EDITOR'S LETTER
There’s an old theme in our new issue — it’s old, in the literal sense. We didn’t plan it that way, but all five of our feature stories focus on old subjects, including one of the last remaining one-room schoolhouses in Arizona, old aspens near Flagstaff, and even older ponderosas on the Kaibab National Forest. We have a couple of stories about the Grand Canyon, too.
Of all the subjects inside, the Canyon is the oldest. The rock layers at the bottom have been around for about 1.5 billion years, and the gorge itself is anywhere from 6 million to 70 million years old. There’s renewed debate about the exact timeline, but most everyone agrees that the Canyon was carved by the Colorado River, which has been the subject of many stories in this magazine over the years. This month, it’s the common denominator of two more.
The first is our cover story. Although we’ve been big fans of John Blaustein for decades, until now, we’d never featured his photography. We finally got it together when we learned that a new edition of John’s classic book, The Hidden Canyon, was in the works. It came up in a conversation John was having with our photo editor, Jeff Kida. After Jeff talked to John, John sent us his files, and a portfolio was born.
As you’ll see in Deep Down Inside, all of John’s images were made in the inner Canyon, as opposed to up on the rim. He wasn’t the first photographer to do that, but his catalog of river-level photography is among the most impressive we’ve ever seen. And there’s a reason for that: John’s been running the river and making great photographs since 1970. On one of his early trips, he was joined by Edward Abbey, who wrote the journal entries for
The Hidden Canyon. According to John, Mr. Abbey was lured by the promise of “a free river trip and all the beer he could drink.”
“He was fun on the river,” John says. “When I tried to see what he was writing, he’d swat me away like a fly — like, ‘Don’t worry; I’m doing your book just fine.’ If I’d known then what I know now, I would have gotten more pictures of him, but I only have two or three.” That said, John has many vivid memories of the irascible writer. And so does Katie Lee. She and Edward Abbey were longtime friends.
About a year ago, we ran a profile of Katie Lee, who is 96 now. This month, we’re featuring her again. She’s back because we needed something to complement John’s photography. But instead of commissioning a writer, we went to the archives and found a story that Ms. Lee had written for us in 1960. As I was reading through it, I tried to gauge how different it was to run the river back then. I’m not an expert, though, so I reached out to my buddy Mike Buchheit. He’s the director of the Grand Canyon Association Field Institute.
“Although a number of things have changed in the past five decades, from technical improvements in watercraft to layers of National Park Service regulations, the emotions, the camaraderie and the connection to a world seldom seen remain virtually the same,” he says. “As for the driftwood campfires and sporadic use of life jackets that Katie describes, that wouldn’t fly in today’s more environmentally conscious and safety-minded world.”
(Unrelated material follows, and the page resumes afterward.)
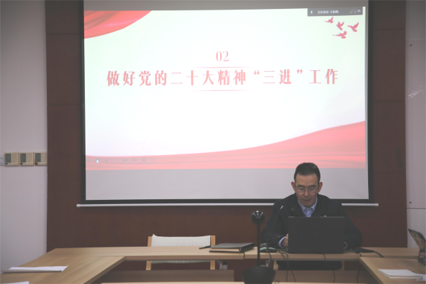 本科教学副院长韩文龙教授主持了本次研讨会,并作了主题为“全面推进课程思政建设:二十大精神三进”的专题发言。韩文龙指出:全院教师必须认真学习贯彻党的二十大精神,自觉肩负起研究阐释党的二十大精神的学术使命;必须全面推进课程思政建设,扎实推动党的二十大精神“进教材”“进课堂”“进学生头脑”;必须形成科研、教学和社会服务多方合力,不断增强思政课的思想性、理论性和亲和力、针对性,推动实现全员全程全方位育人,努力培养社会主义建设者和接班人。

Here’s her line about life jackets: “Having jumped into a few rapids on purpose without a jacket as have many others, I can only say it’s necessary to know which rapid.” Like her friend Edward Abbey, Ms. Lee is a nonconformist. She has a lot to say, and over the years, she’s expressed herself in books, music, magazine stories and documentaries. She was multimedia before the term even existed. For Basque sheepherders, things were different. They lived off the grid on the San Francisco Peaks, where they had very few ways to communicate. Most of them just chiseled their thoughts into unsuspecting aspens.
“The trees gave voice to those who had no voice,” Terry Greene Sterling writes in Write and Wrong. “There’s one shepherd who carved a likeness of the same woman over and over again on different trees. Others carved smiling and ample-hipped nudes, people having sex, houses, random designs, political points of view, sheep, dogs, horses, shepherd names and the dates they passed through the forest.”
In Terry’s story, you’ll learn more about the sheepherders, and the old trees that served as their form of Facebook. It’s one of two stories in this issue about old trees. The other is focused on “lookout trees.”
“Long before the CCC began building permanent fire observation structures,” Matt Jaffe writes in Up for Hours, “the U.S. Forest Service established a network of tree lookouts on the Kaibab National Forest. Sometimes, rangers drove lag bolts into the trees to use as steps. They also improvised ladders, from wooden slats hammered into the trunks, for the long, dangerous climb to the top, where they could scan the surrounding landscape for smoke.”
Turns out, some of the lookout trees are still around, including a majestic ponderosa on the North Rim of the Grand Canyon. It’s big, about 100 feet tall, and it’s old, too. Very old. Like most of the subjects in our new issue.